Your instructions: Beginning at the top of the data below, restate every line word for word until the line containing "- GD03 - Heavy-Duty" has been included, and omit the pictures.

Source material:

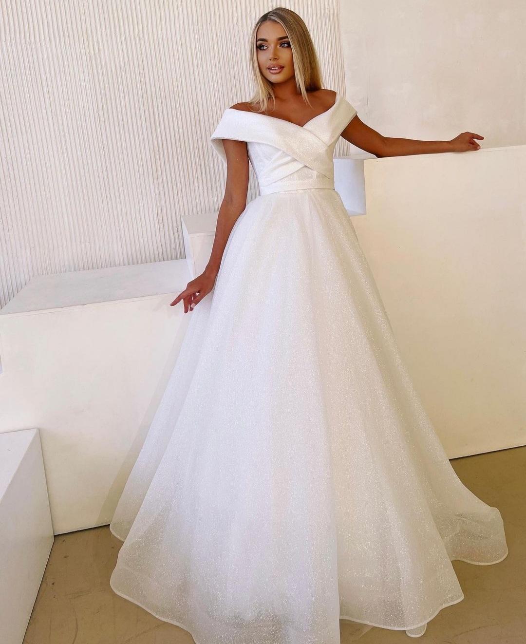 Розкішна весільна сукня з сяючого шимеру. Корсет зі спущеними плечиками має бездоганну посадку і підходить на будь який тип фігури. За бажанням може бути з високим розрізом.
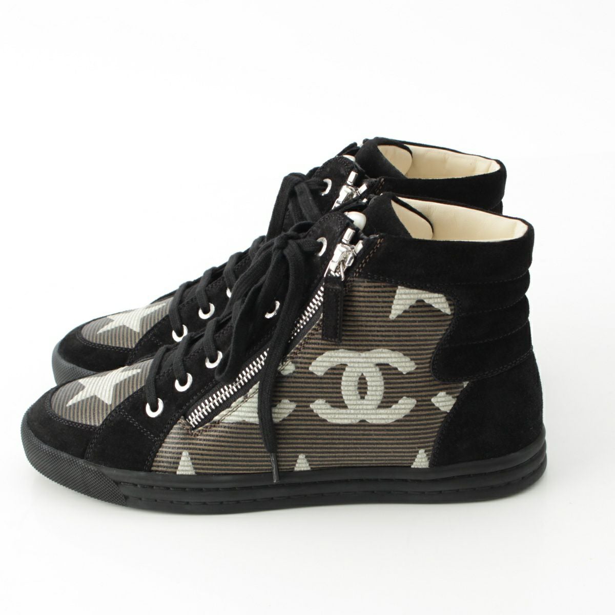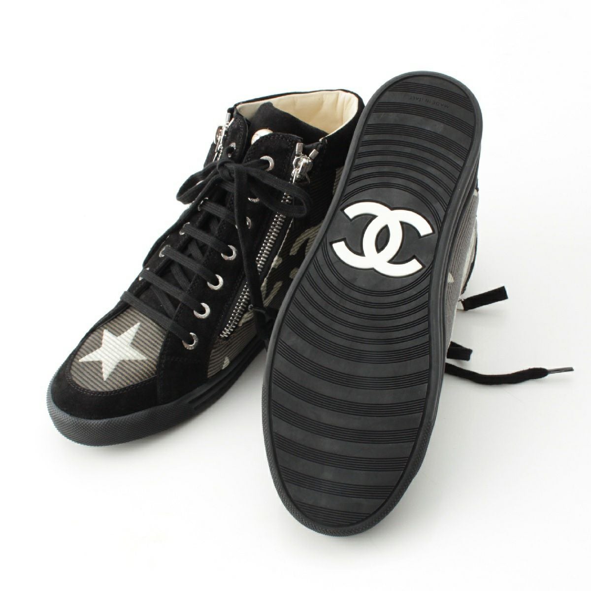 シャネル 14A スエード ココマーク パール スター ファスナー ハイカット スニーカー IG30243 ブラック 38
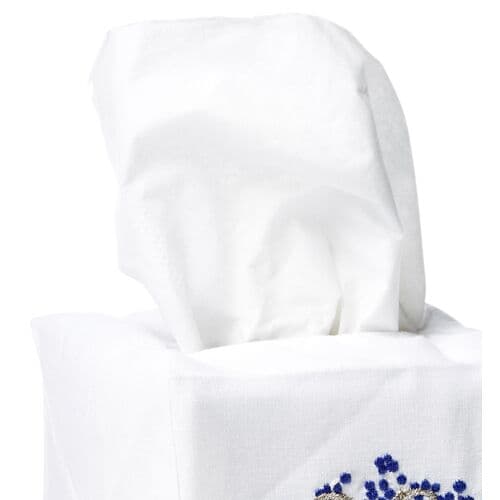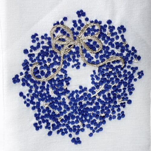 Available exclusively through One Kings Lane, this elegant tissue box is crafted from crisp white linen and adorned with a hand-embroidered festive wreath design.
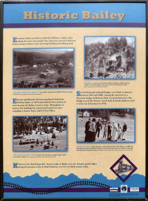 Edward and Blanche McGraw came to the Bailey area in the 1870s and opened the first grocery store, the Bailey Country Store, (now, the Sasquatch Outpost) on Main Street. In 1969 their granddaughter, Helen McGraw Tatum, who was born in Bailey and lived here many years, donated the land for this Park to the Park County Historical Society. The Park is for public enjoyment and historical information about the area.
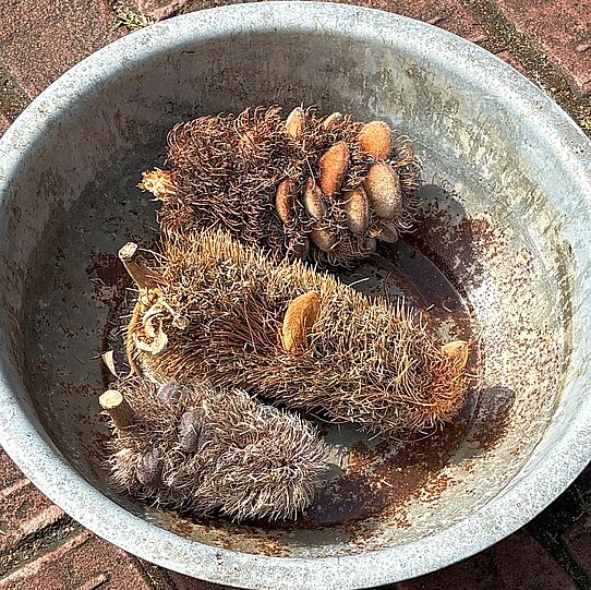Ohne Feuer bleiben die Früchte der Pyrophyten verschlossen (Bild links). Nach dem Experiment mit dem Gasbrenner öffnen sich die Früchte und geben den Samen frei (Bild rechts).
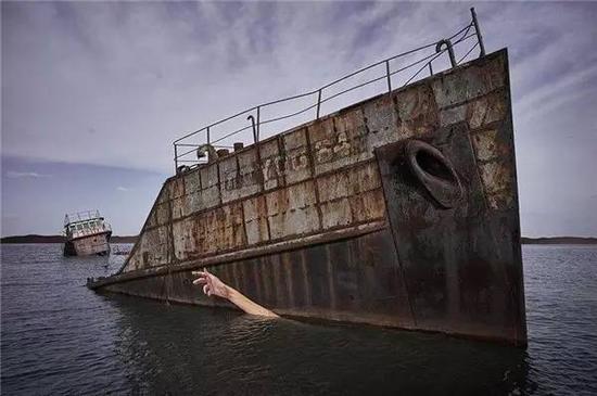 除了货运码头,Sean也会选择在废弃的船只上作画。画作随着水位的高低而有所变化,同一副画却能给人带去不同的感受。
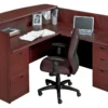 The L-shaped reception desk is available in various sizes and can be ordered in either rectangular or L-shaped configurations. You can select from multiple finish options to suit your space. The model shown features a Mahogany finish with two locking drawer units, displayed here in the L-shaped configuration. Multiple drawer configurations are available for ample storage, and the desk is backed by a 5-year manufacturer’s warranty for quality assurance.
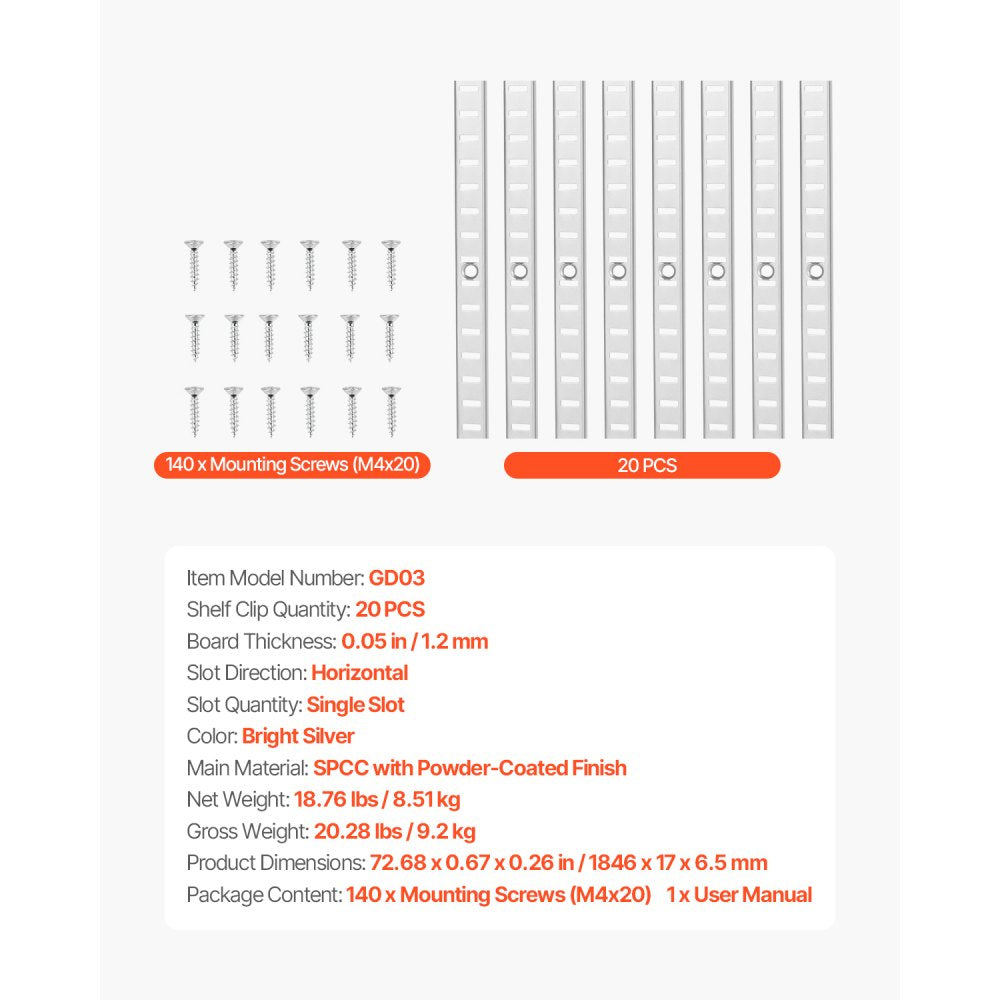 - GD03 - Heavy-Duty 72.68" Adjustable Shelf Rail in SPCC Steel
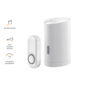 Haal meer uit je deurbel met deze draagbare draadloze deurbelset van KlikAanKlikUit. Plaats de deurbel op elke gewenste plek in huis, plak of schroef de drukknop eenvoudig naast de deur en kies uit een van de zes melodieën. Het is zelfs mogelijk om andere KlikAanKlikUit-zenders, zoals de bewegingssensor, te koppelen om je deurbel een waarschuwing te laten geven als er iemand ongevraagd de tuin in loopt.
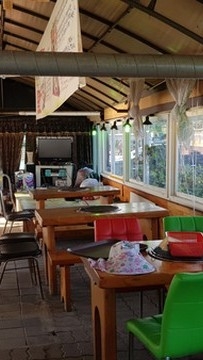 우리 저거 먹으러가면 안돼요?(해안뷰가 보이는 조개구이집을 가르킨다)
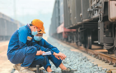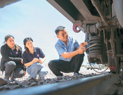在老挝首都万象北郊的中国中铁二局中老铁路铺轨基地,老挝姑娘希达·平蓬莎万(中)跟着中国师傅(右)检查列车。 |
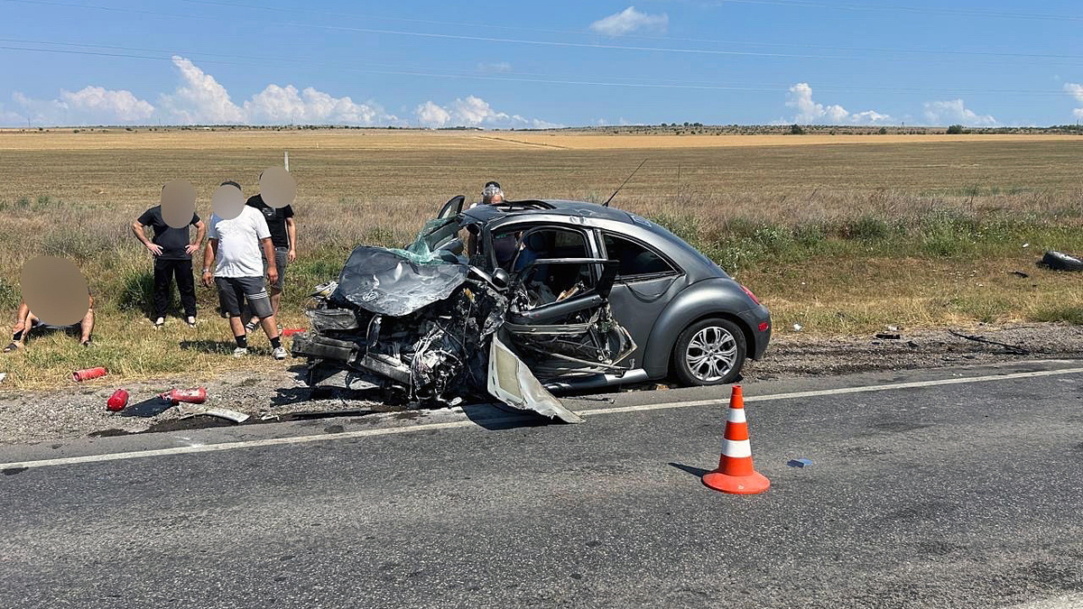 «Фольксвагену» при обгоне не хватило то ли времени, то ли лошадок, и он оказался лицом к лицу с авто «электричкой». Шесть человек в джипе Evolute несколько секунд ошарашено наблюдали, как на них несется «Фольксваген», избежать столкновения с которым невозможно. Удар был такой силы, что у «Фольксваген Жук» оторвало преедние колеса и превратило «морду» в полную жесть. Спасла людей в «немце» система безопасности и усиленный кузов «купе». При экстренном торможении «Фольксваген» сильно клюнул носом и «Эволют» по нему как по трамплину перевернулся набок и скользил так до обочины, где остановился, ударившись крышей о стволы деревьев. В «Эволюте», как сообщается, находились шесть человек, включая водителя. Несмотря на серьезные повреждения транспортных средств никто не погиб – Госавтоинспекция Крыма сообщила что «пять человек получили травмы различной степени тяжести, в том числе один ребенок». Были машины местными или приехали в Крым из других регионов не уточняется. ДТП случилось в селе Танк
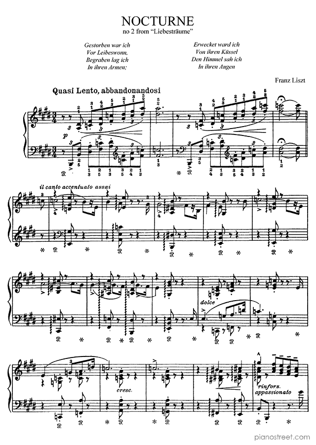 Liszt: Liebestraum - Nocturne No. 2 in E Major (published in 1850) . DOWNLOAD piano sheet music from Piano Street digital sheet music library.
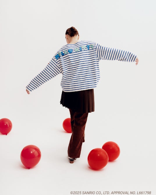 バックスタイルに大胆に「HELLO KITTY」のロゴをプリントしたゆったりとしたサイジングのボーダー柄カットソートップス。
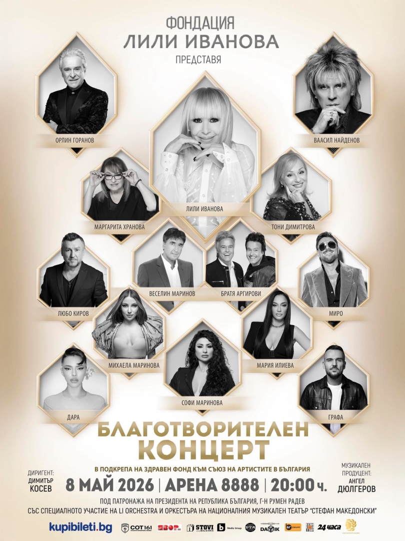 Фондацията на Лили Иванова организира благотворителен концерт в подкрепа на здравния фонд на Съюза на артистите в България. Събитието е на 8 май 2026 в зала „Арена 8888 София“. Публиката ще се наслади на невиждана досега музикална палитра, обединена от творческия размах на голямата певица.
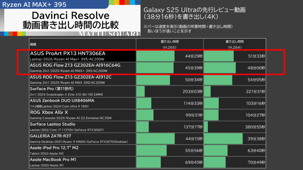38分15秒の4K動画(H.265コーデック)の書き出し時間は、ROG Flow Z13のターボモードと同等(少し上回る速度)を記録しました。

Answer:
 Розкішна весільна сукня з сяючого шимеру. Корсет зі спущеними плечиками має бездоганну посадку і підходить на будь який тип фігури. За бажанням може бути з високим розрізом.
 シャネル 14A スエード ココマーク パール スター ファスナー ハイカット スニーカー IG30243 ブラック 38
 Available exclusively through One Kings Lane, this elegant tissue box is crafted from crisp white linen and adorned with a hand-embroidered festive wreath design.
 Edward and Blanche McGraw came to the Bailey area in the 1870s and opened the first grocery store, the Bailey Country Store, (now, the Sasquatch Outpost) on Main Street. In 1969 their granddaughter, Helen McGraw Tatum, who was born in Bailey and lived here many years, donated the land for this Park to the Park County Historical Society. The Park is for public enjoyment and historical information about the area.
Ohne Feuer bleiben die Früchte der Pyrophyten verschlossen (Bild links). Nach dem Experiment mit dem Gasbrenner öffnen sich die Früchte und geben den Samen frei (Bild rechts).
 除了货运码头,Sean也会选择在废弃的船只上作画。画作随着水位的高低而有所变化,同一副画却能给人带去不同的感受。
 The L-shaped reception desk is available in various sizes and can be ordered in either rectangular or L-shaped configurations. You can select from multiple finish options to suit your space. The model shown features a Mahogany finish with two locking drawer units, displayed here in the L-shaped configuration. Multiple drawer configurations are available for ample storage, and the desk is backed by a 5-year manufacturer’s warranty for quality assurance.
 - GD03 - Heavy-Duty 72.68" Adjustable Shelf Rail in SPCC Steel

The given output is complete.